# Craftman's newest 14" bandsaw



## Tugboater78

Thanks, ill keep this in mind around november, october is my 10 yr mark with my employer. They give up a $500 gift card to sears and ive been debating what i MIGHT spend it on. Knowing my luck one of my appliances will go bad and no new toys though.


----------



## Tedstor

I've checked out that bs a few times in my local Sears. Very impressive. IMO, it's the best BS under $600. I'd buy one myself if I didn't already have a Ridgid.


----------



## WhoMe

Isn't this essentially a Rikon clone? I know in the past the 10" and 14" band saws were essentially Rikons missing a couple of items like a fence and had some lesser specs and different paint. Even so, this looks like a great saw. 
From all the positive reviews, I know I will be checking this saw out when I am ready to buy.


----------



## ArtRafael

I have been in the market for a good, not too expensive band saw for a while now and have been hesitent to take the leap. This blog has helped. I'm off to the Sears store to check em out. Hope to bring one home now. Ralph


----------



## Tedstor

This BS is currently priced at $367 on the Sears site. Fatwallet.com lists a coupon code for $35 off any purchase over $300. That'll beat the price down to $332. If you become a member of fatwallet, you'll also receive 5% cash back' yeilding another $15 bucks. And if you have a Sears "shop your way" card, you can apply this purchase toward points for future Sears purchases. I'd imagine a Sears charge card could further enhance the deal as well.

Ive actually seen this BS on sale for $325ish a while back. WIth similar coupons, it could be had for $280-290. That would be a sick deal.


----------



## jchomme

I am going to pretend that I got the best price possible, It was the only one in the area and I had to have it. If you could get this new under $300 it would be an super deal!

I am still finding this saw to be really nice. The blade that it came with is not very good, but I was able to get some cutting done. I only did a quick setup, and nothing too negative to report. Now need to tune and get a better blade. The biggest downfall, so far, is the lousy manual. Doesn't bother me too much because of how simple this machine is.
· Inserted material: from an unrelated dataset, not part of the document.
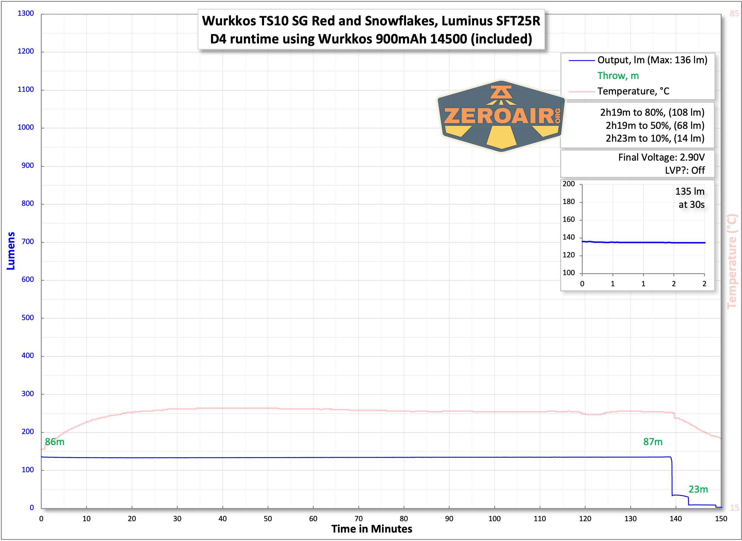 ^ Measurement disclaimer: Testing flashlights is my hobby. I use hobbyist-level equipment for testing, including some I made myself. Try not to get buried in the details of manufacturer specifications versus measurements recorded here; A certain amount of difference (say, 10 or 15%) is perfectly reasonable.

I actually once had the Rikon 14" deluxe and this thing is a more reasonable 14" Bandsaw. I remember the Rikon had extra features, more resaw, more power and everything seemed more "polished," but I doubt It could do much more than this one. Kudos to the R and D team, they cut the fat and passing the savings along to us on a budget.

Added bonus: The open stand creates the feeling of more space in a small workshop. Helps me find my chi


----------



## Tedstor

Sorry. Wasn't aiming that reply at you. Even at $368, that machine is a GREAT value. I was actually trying to entice other readers into pulling the trigger (and perhaps myself too).


----------



## Marty5965

I pulled the trigger yesterday based on this review. Only one left in the City and I snagged it. It is sitting in my garage, waiting to be moved to my fledgling shop (basement). Thanks for the review. Only snag is, I just got clearance from the CFO to get a planer, guess I'll have to re-negotiate.


----------



## Dedvw

I own the Craftman Professional model. I have used just about every brand bandsaw made and this thing is a best buy in my opinion. I have just over 8 inches of rip on mine and with very little vibration. Get the craftsaman professional blades and call it a day : )

Does yours take the 99" blades like the professional model?


----------



## Marty5965

Blades are 99.75 "


----------



## wormil

How is vibration out of the box?


----------



## jchomme

Did the nickel test and it passed. Balanced the nickel, started the saw, nickel stood up; vibration is minimal.

I believe this is the same saw as the Pro Model minus some features and fence, but mainly the same. I base this on having owned the Pro model recently.


----------



## Surfside

What was the blade that came along with it? You pleased with it?


----------



## SebringDon

Just pulled the trigger on this at $349. I'll pick it up from the local Sears tomorrow. Anybody want a Delta ShopMaster 9" bandsaw?


----------



## SebringDon

Got my new BS home Monday, and I've had a bit of time to play with it now. Like JC said, the blade is nothing to write home about, but the mailman just brought me a Timberwolf 3-pack. I've made a rudimentary fence and crosscut guide (a wooden miter gauge fixed at 90 degrees, basically). Using the original blade, I cut out a few fish shapes for the wife from 1/2 ply, ripped some 2×4 into 3/8 pine stock, ripped and crosscut ply from 1/4" to 3/4", and knocked off a few other cuts, including a 15 degree edge on an oval. So far I'm very pleased. It didn't take long to get most of the drift tuned out, and I think I'll get rid of all of it by the time I'm done fiddling.


----------



## atmil

Hey guys, I had one of these bandsaws for a year or so. Unfortunately I ended up having an unfixable factory-defective machine, but I have a massive pile of parts for it. If anyone is in need of anything, I'd be happy to ship out whatever it is that you need for cheaper than anywhere else!

PS: I also happen to have one brand new set of rubber tires, and two new sets of urethane tires: one set orange from eBay, and one set of blue Carter tires. Just let me know!


----------